An essay by Louise Steinman and the final part of Rob Bowman's "On Being and On Being the Right Size"
Dear Readers,
Welcome to April, known around these parts as “the cruellest month.” But while I like Lilacs out of the dead land and Dull roots as much as the next guy, I try to focus on the positives.
Like a brand-new essay by Louise Steinman and the conclusion of Rob Bowman’s epic diary essay.
Sure, winter may have kept us warm with its forgetful snow, but Air/Light is gonna keep you HOT!
✌️
The Editors
Louise Steinman: “That LA Bug”
I never wanted to be born in Los Angeles. My childhood, I suspected, was misplaced. My mother and father were both New Yorkers. Thanks to a trove of correspondence that I discovered after my parents passed away within months of each other, I can pinpoint the exact date—August 1, 1941—that determined my destiny as a native Angeleno. On that morning, my young father stepped off the passenger train at L.A.’s Union Station. In the letter to my mother he wrote later that day: “Now I shall commence to tell you of my Gulliver’s Travels thru this fairyland of California.”
It was Norman Steinman’s first-ever westward crossing of the North American continent, where he’d arrived as a six-year-old in 1921 with his mother and sister, refugees from Ukraine during a period of profound upheaval. The entire country was a battlefield. For three years, per historian Timothy Snyder, five different armies had converged in Ukraine: Reds, Whites, Ukrainian nationalists, anarchists, and Poles. Bands of Cossacks rampaged through the countryside. All of it, of course, was bad for the Jews.
My father forgot his native Russian, but claimed he sometimes dreamed in his native tongue. He often referred to himself as a “Melancholy Slav.”
“On Being and On Being the Right Size,” Part 5 by Rob Bowman
We’re thrilled to present “On Being and On Being the Right Size” in five parts for the next five weeks. You can read all the sections of the essay here.
—The Editors
I’m not as smart as I used to be.
It sounds like a weird boast, like talking about what a great athlete someone was before their knee blew out in high school. And maybe there is some of that. But here is how I know: There are blanks in my memory. Gray things, static and fuzz. Even when I concentrate, the connections don’t come as they once did. It’s like when you reach for something on a high shelf and your fingertips can gently manipulate it until it spins and rotates toward you and you can grab or tilt it until it tumbles into your hand. Now I reach up but my fingers don’t make contact or just barely brush against it. Enough to let me know it’s there but not to hold it. To tantalize and pain me.
Thomas uses insects to consider the process of thought in “On Societies as Organisms.” He writes that an individual ant has no mind, that it is but a single spark of thought, a “ganglion on legs. Four ants together, or ten, encircling a dead moth on a path, begin to look more like an idea.” They move the dead moth toward the hill but only after “the dense mass of thousands of ants … blackening the ground” fully become a mind, “thinking, planning, calculating. It is an intelligence, a kind of live computer, with crawling bits for its wits.”
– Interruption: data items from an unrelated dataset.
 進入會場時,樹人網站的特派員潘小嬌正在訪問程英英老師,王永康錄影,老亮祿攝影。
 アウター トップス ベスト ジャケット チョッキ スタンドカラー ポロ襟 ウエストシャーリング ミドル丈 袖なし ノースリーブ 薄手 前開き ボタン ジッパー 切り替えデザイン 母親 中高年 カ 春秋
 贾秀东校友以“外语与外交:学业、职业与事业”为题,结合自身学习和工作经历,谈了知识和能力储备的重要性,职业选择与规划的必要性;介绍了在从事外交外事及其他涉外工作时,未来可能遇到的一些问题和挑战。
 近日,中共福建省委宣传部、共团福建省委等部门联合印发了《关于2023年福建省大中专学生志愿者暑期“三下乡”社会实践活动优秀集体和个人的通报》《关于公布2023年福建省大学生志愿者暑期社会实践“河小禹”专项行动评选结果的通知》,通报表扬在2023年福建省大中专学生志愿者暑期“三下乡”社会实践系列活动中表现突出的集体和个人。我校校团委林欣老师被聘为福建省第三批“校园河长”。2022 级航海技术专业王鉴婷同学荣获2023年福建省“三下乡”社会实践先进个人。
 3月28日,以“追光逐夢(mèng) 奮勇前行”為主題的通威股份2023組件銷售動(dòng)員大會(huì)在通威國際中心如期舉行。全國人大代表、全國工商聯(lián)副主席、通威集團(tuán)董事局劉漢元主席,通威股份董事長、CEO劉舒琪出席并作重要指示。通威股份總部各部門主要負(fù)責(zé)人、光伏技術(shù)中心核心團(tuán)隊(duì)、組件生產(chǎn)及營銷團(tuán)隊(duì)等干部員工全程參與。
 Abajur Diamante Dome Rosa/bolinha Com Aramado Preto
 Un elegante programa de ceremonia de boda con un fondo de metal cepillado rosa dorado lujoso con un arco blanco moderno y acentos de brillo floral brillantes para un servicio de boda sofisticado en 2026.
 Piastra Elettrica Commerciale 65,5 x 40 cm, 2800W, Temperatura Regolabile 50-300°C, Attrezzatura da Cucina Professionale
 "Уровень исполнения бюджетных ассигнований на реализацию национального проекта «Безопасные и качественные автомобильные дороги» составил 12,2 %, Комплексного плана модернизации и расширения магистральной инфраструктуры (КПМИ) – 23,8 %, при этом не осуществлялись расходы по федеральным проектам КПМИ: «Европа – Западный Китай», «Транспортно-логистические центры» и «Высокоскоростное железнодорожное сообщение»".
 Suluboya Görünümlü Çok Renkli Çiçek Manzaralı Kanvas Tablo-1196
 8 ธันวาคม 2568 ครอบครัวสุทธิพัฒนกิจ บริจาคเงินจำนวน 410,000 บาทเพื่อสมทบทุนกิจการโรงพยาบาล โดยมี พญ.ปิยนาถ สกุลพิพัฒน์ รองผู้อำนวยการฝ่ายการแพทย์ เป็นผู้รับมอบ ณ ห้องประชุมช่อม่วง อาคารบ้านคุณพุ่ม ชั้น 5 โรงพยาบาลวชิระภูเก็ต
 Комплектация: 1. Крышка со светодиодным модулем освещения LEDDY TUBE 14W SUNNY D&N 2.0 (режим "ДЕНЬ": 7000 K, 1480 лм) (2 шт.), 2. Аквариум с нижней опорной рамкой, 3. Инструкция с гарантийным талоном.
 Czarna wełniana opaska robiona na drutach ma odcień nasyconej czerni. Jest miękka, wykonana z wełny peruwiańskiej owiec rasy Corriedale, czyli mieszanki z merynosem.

How many ants compose my mind? I worry I’m the dead moth. Or maybe my mind has become like the termites Thomas also describes. “Two or three termites in a chamber,” he explains, “will begin to pick up pellets and move them from place to place, but nothing comes of it; nothing is built. As more join in, they seem to reach a critical mass, a quorum, and the thinking begins.” I wonder about the theory here. I think what happens may have less to do with the number of termites than the number of pellets. As Thomas elaborates: “They place pellets atop pellets, then throw up columns and beautiful, curving, symmetrical arches, and the crystalline architecture of vaulted chambers is created.” The symmetry comes if we let it, or if the termites let it, in other words.